No, obviously ocean waters can't be stopped from rising. The question is all about
how much they're going to rise. It really annoys me when people treat global warming as an all or nothing quantitative affair.
Yes, every climate model overshot air warming leading up to 2014. But they also all undershot ocean warming. That's because, for some reason nobody understands, from 1998 to 2014 all the extra thermal energy caused by CO2 forcing went into the ocean. But since 2014 air temperatures have shot up very rapily and now we're back on the trend-line predicted by models.[1] But really, you could just as easily have argued that models were undershooting because they all predicted cooler oceans than we got. And Ocean warming is the important part for determining sea levels. Christy was dishonestly cherry picking stats to make it look like errors only go in one direction when really they go in both.
If all you know about the global warming debate is what was in that video I can see how you found it convincing but it's actually a very shallow treatment of the whole topic. It's really hard to get into depth in a video, that why so many of us are reluctant to watch them when someone links to one.
[1]https://en.wikipedia.org/wiki/Global_temperature_record#/med...
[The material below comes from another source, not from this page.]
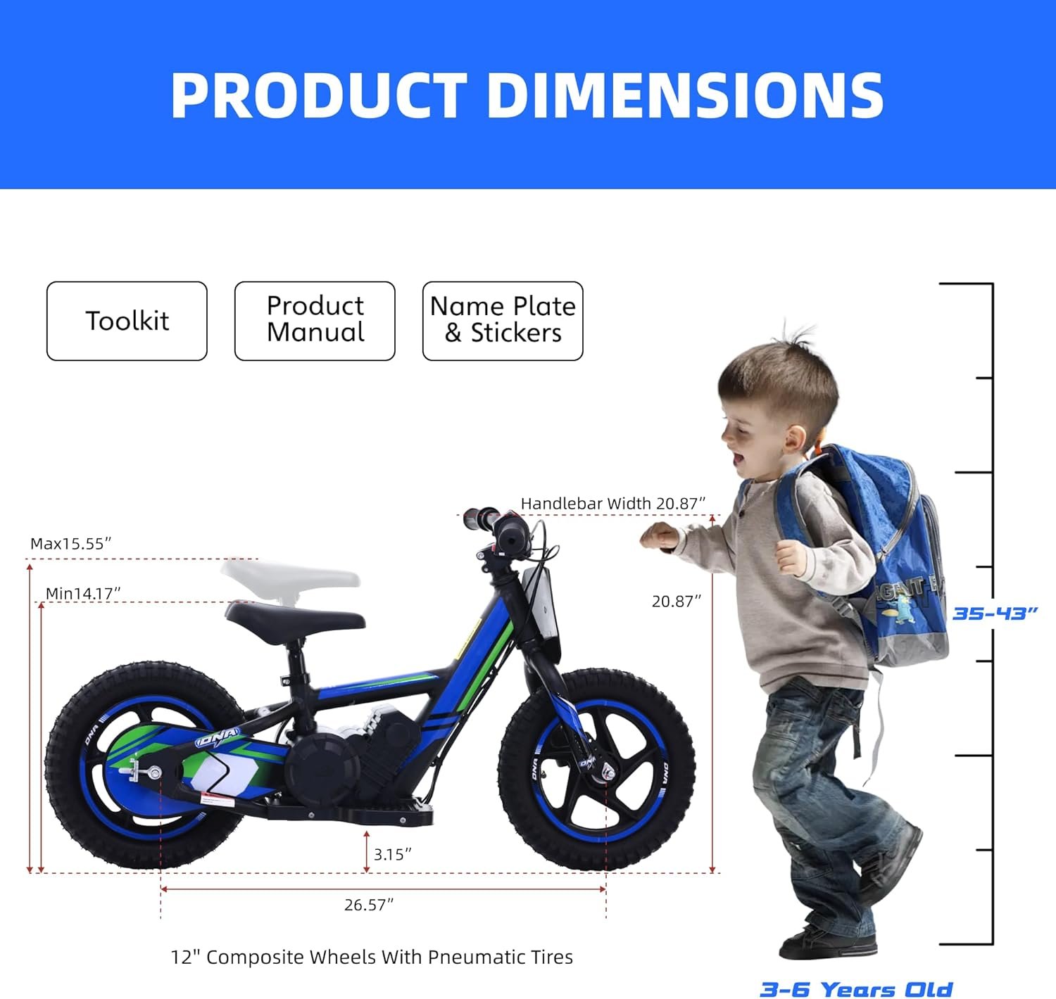 OLALA Electric Dirt Bike for Kids Aged 3-6, 170W Racing Grade Electric Motorcycle, New Aluminum Frame with 2 Power Modes, 24V Detachable Battery, 12IN Knobby Tires

EDIT: And in the future, can you try summarizing things from a video like this you found persuasive rather than just telling people to watch the video? If you had mentioned the "Overshot for the last 30 years" thing it should have been immediately obvious to people who follow climate science what was happening and how you'd been mislead. Then I wouldn't have had to wade through an hour long video trying to figure out what you found persuasive in it. I'm generally reluctant to watch videos linked off of Hacker News because they usually aren't worth it and after this I think people are going to find it even harder to persuade me to do so without better evidence.